> **Data provided**:
────────

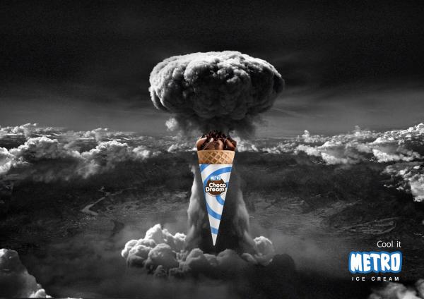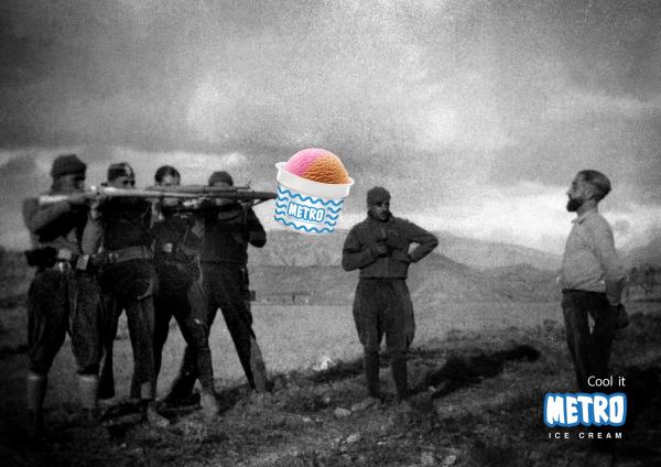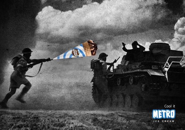 전시 상황에서 누군가 적군에게 총을 겨누고 있습니다. 그런데 황당하게 총알이 아닌 아이스크림이 날아가고 있는데요. 무기로 열내며 싸우기 보다는 시원한 아이스크림을 함께 즐기자는 유쾌한 아이스크림 광고입니다.
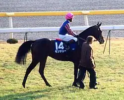 Montjeu ran twice as a two-year-old in the autumn of 1998. On his racecourse debut he appeared in the Prix de la Maniguette over 1600 m at Chantilly and won "easily" from nine opponents.[5] A month later, he was moved up to Listed class and won the Prix Isonomy by three quarters of a length from Spadoun. Montjeu's form was boosted two weeks later when Spadoun won the Group One Critérium de Saint-Cloud. At the end of the year, a half-share in Montjeu was sold to the Coolmore organization, represented by Michael Tabor and Susan Magnier.[4]
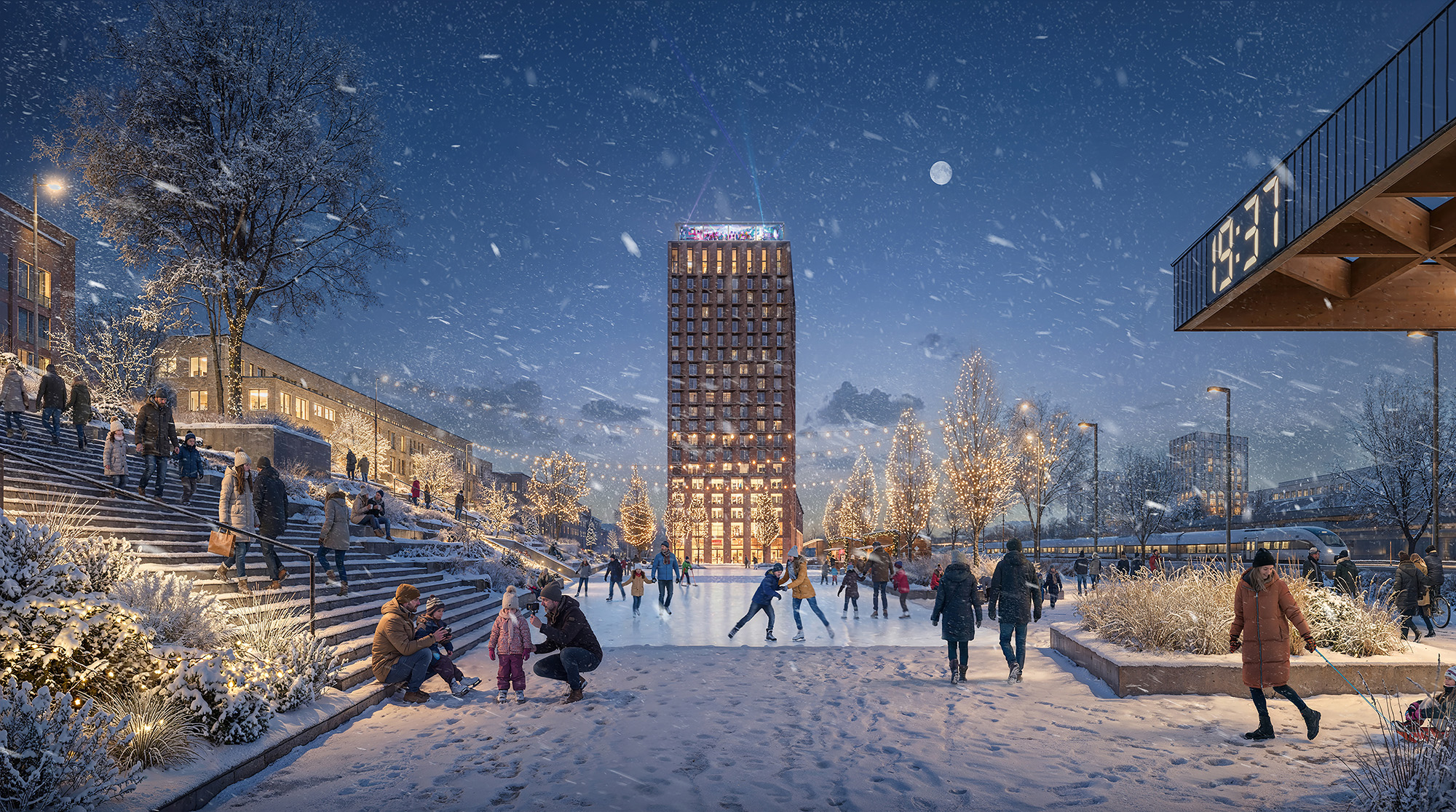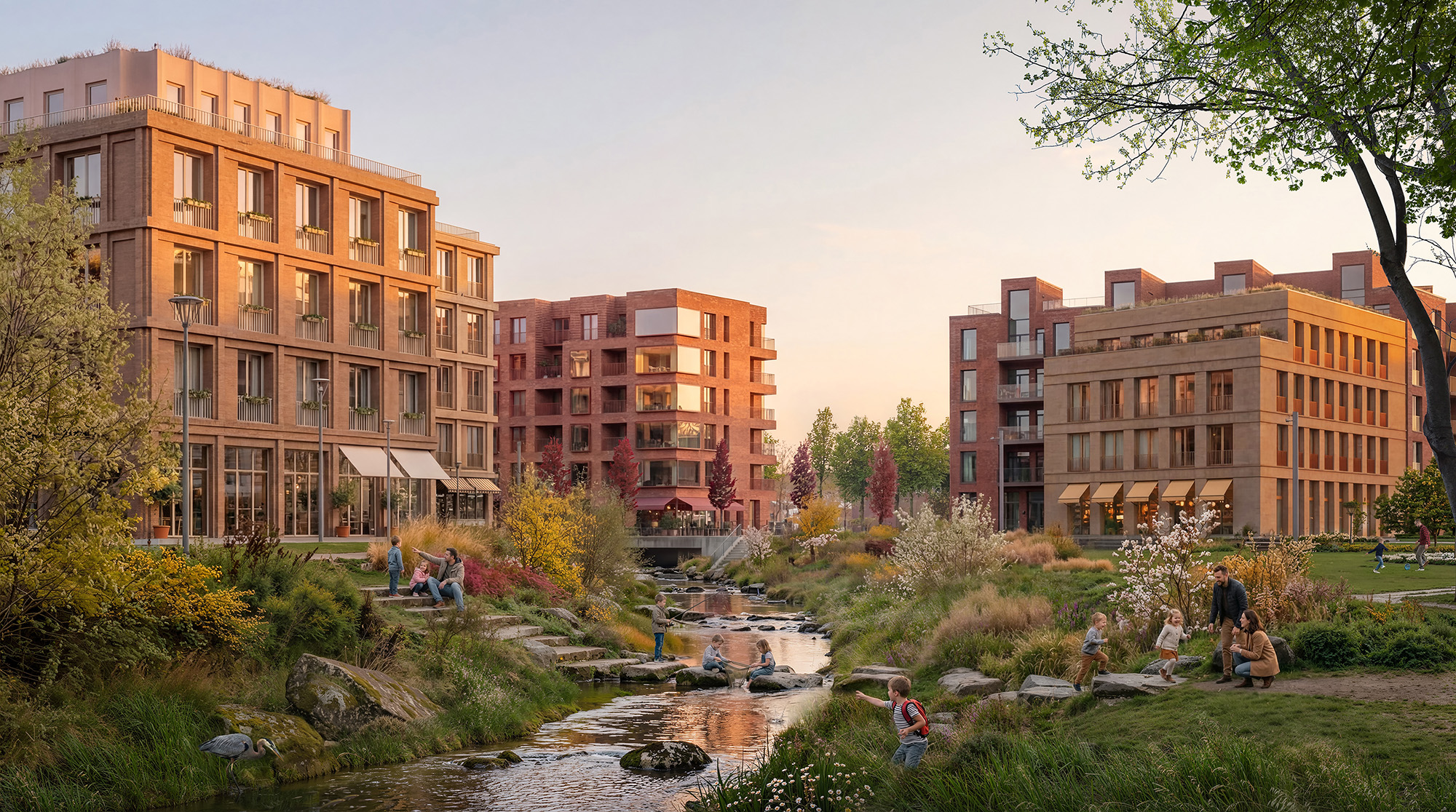 The plan brings together five districts with distinct characters into a coherent whole, responding to diverse social, functional and phasing needs. A rich mix of services and institutions – including a district library – creates a strong central hub and lays the foundation for a vibrant neighbourhood.

────────

> **Work task**: Pictures excluded, copy the lines exactly from where the material starts to the line with "Montjeu ran twice", inclusive.

> **Solution for this problem**:
 전시 상황에서 누군가 적군에게 총을 겨누고 있습니다. 그런데 황당하게 총알이 아닌 아이스크림이 날아가고 있는데요. 무기로 열내며 싸우기 보다는 시원한 아이스크림을 함께 즐기자는 유쾌한 아이스크림 광고입니다.
 Montjeu ran twice as a two-year-old in the autumn of 1998. On his racecourse debut he appeared in the Prix de la Maniguette over 1600 m at Chantilly and won "easily" from nine opponents.[5] A month later, he was moved up to Listed class and won the Prix Isonomy by three quarters of a length from Spadoun. Montjeu's form was boosted two weeks later when Spadoun won the Group One Critérium de Saint-Cloud. At the end of the year, a half-share in Montjeu was sold to the Coolmore organization, represented by Michael Tabor and Susan Magnier.[4]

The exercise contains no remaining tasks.